X_train, X_test, y_train, y_test = train_test_split(X_features, encoded_stages, train_size=0.7)

**6)** Write code to test the accuracy of all 4 classification models we covered in this class (i.e. KNeighborsClassifier, DecisionTreeClassifier, and MLPClassifier, GaussianNB). Since the accuracy of the models will change depending on the train-test split, you will need to run each model 10 times and find the average accuracy between all runs.

In [154]:
from sklearn.neighbors import KNeighborsClassifier
from sklearn.tree import DecisionTreeClassifier
from sklearn.neural_network import MLPClassifier
from sklearn.naive_bayes import GaussianNB

In [155]:
# run each model 10 times and find average accuracy between all runs
classifiers = [KNeighborsClassifier(),
              DecisionTreeClassifier(),
              MLPClassifier(),
              GaussianNB()]
classifiers_names = ['Nearest Neighbors',
                    'Decision Tree',
                    'Multilayer Perceptron',
                    'Naive-Bayes']
classifiers_accuracy = []

# iterate through list of classification methods
for i in range(4):
    classifier = classifiers[i]
    accuracies = []
    
    # run each model 10 times
    for i in range(10):
        classifier.fit(X_train, y_train)
        y_pred = classifier.predict(X_test)
        
        accuracy = sum(y_pred == y_test) / len(y_test)
        accuracies.append(accuracy * 100)
        
    classifiers_accuracy.append(np.mean(accuracies))
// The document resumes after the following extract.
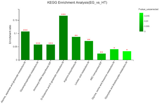 Pathway enrichment of the identified metabolites in broilers from the heat stress (HS) group and the 400 µg Cr/kg supplementation (EG) group. The x-axis means the pathway, while the y-axis represents the enrichment ratio, defined as the proportion of pathway-enriched metabolites to the total metabolites associated with that pathway. A higher enrichment rate signifies a greater degree of enrichment. The color gradient of the bars represents the significance of enrichment, and the dark color bars indicate more significant enrichment of the KEGG term. Statistical significance was determined based on p-values adjusted by FDR correction. Symbols denote the following: p-value < 0.001 is marked as ***, p-value < 0.01 is marked as **, and p-value < 0.05 is marked as *.

**7)** Compare the 4 mean accuracies and identify which model is best.

In [156]:
print('After 10 simulations, the average accuracy for each classification model is as follows:')
for i in range(4):
    print(f'{classifiers_names[i]}: {classifiers_accuracy[i]}%')

After 10 simulations, the average accuracy for each classification model is as follows:
Nearest Neighbors: 67.85714285714286%
Decision Tree: 61.25%
Multilayer Perceptron: 69.28571428571428%
Naive-Bayes: 69.64285714285714%


Comparing the mean accuracies between the 4 classification models, the Naive-Bayes classification model is best for this data. The Multilayer Perceptron was a close second-best choice of model for this data.